§ **Problem requirements**
Output each record exactly, excluding pictures.
=== Provided records ===
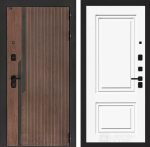 Отделка снаружи: Фрезерованная МДФ панель 10 мм, цвет «Орех американский» с патиной и вставками из металла в цвет наличника
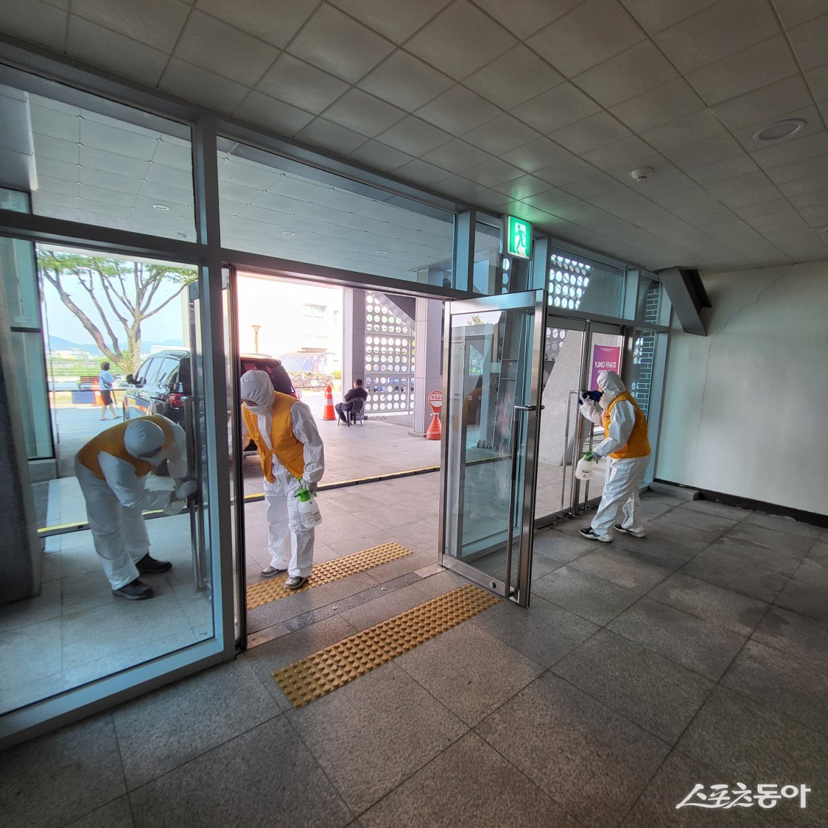 구미시 방역단이 구미시민운동장 입구를 방역하고 있는 광경. 사진제공ㅣ구미시
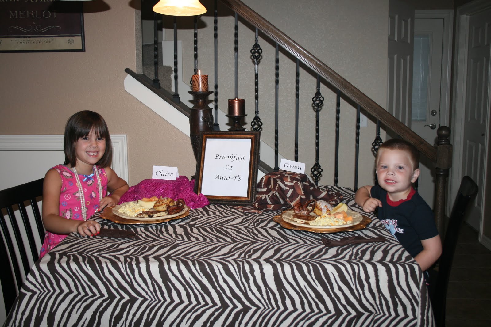 Miss Claire and Mr O came and stayed the night with Drew and I last night. We were trying to think of something fun to make for dinner so they decided on BREAKFAST! YUM. So I didnt hold back and made them chocolate chip pancakes, cinnamon rolls, cheesy eggs, bacon, fruit and OJ. Claire wanted to set the table all pretty so I made some place settings for them. Owen LOVES footballs so he was so happy and of course claire loves hot pink with sparkles like her Aunt T. We even all got dressed in our PJs for dinner. My sister Nicole came over and joined us for a Movie which was Free Willy : ) We had tons of fun like usual.
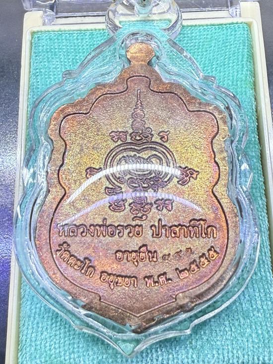 ชื่อพระเครื่อง +++เคาะเดียว เหรียญเสมา อายุยืน หลวงพ่อรวย วัดตะโก เนื้อทองแดงน้ำเงินขอบขาว (นิยม) หมายเลข 943 เลี่ยมพร้อมใช้ มีกล่องครบ+++
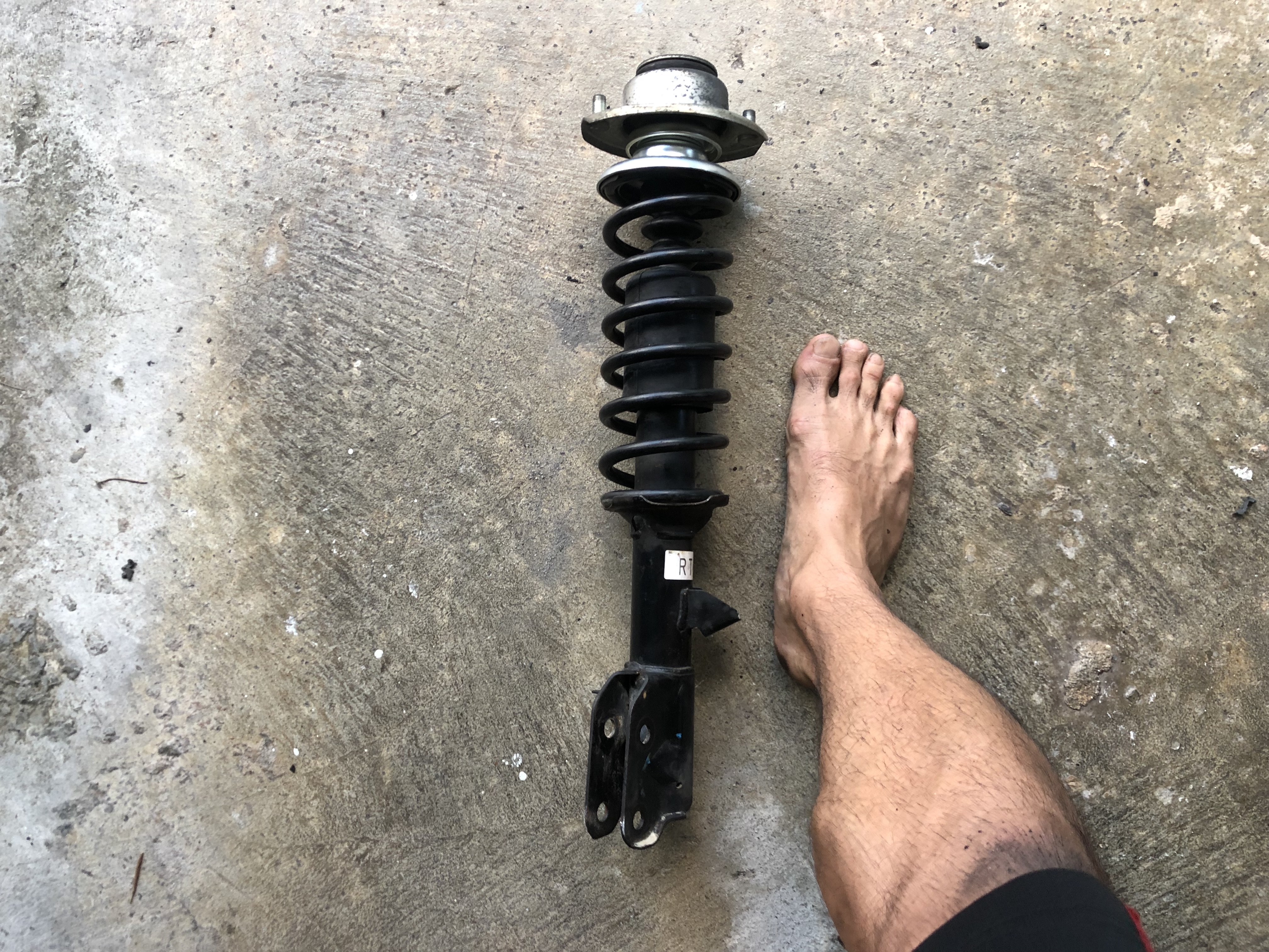 でないと、アッパーマウント固定ナットにアクセスできません。電動インパクトがないので車輌に固定されている状態で少し緩めます。
===
§ **Answer for the task**
 Отделка снаружи: Фрезерованная МДФ панель 10 мм, цвет «Орех американский» с патиной и вставками из металла в цвет наличника
 구미시 방역단이 구미시민운동장 입구를 방역하고 있는 광경. 사진제공ㅣ구미시
 Miss Claire and Mr O came and stayed the night with Drew and I last night. We were trying to think of something fun to make for dinner so they decided on BREAKFAST! YUM. So I didnt hold back and made them chocolate chip pancakes, cinnamon rolls, cheesy eggs, bacon, fruit and OJ. Claire wanted to set the table all pretty so I made some place settings for them. Owen LOVES footballs so he was so happy and of course claire loves hot pink with sparkles like her Aunt T. We even all got dressed in our PJs for dinner. My sister Nicole came over and joined us for a Movie which was Free Willy : ) We had tons of fun like usual.
 ชื่อพระเครื่อง +++เคาะเดียว เหรียญเสมา อายุยืน หลวงพ่อรวย วัดตะโก เนื้อทองแดงน้ำเงินขอบขาว (นิยม) หมายเลข 943 เลี่ยมพร้อมใช้ มีกล่องครบ+++
 でないと、アッパーマウント固定ナットにアクセスできません。電動インパクトがないので車輌に固定されている状態で少し緩めます。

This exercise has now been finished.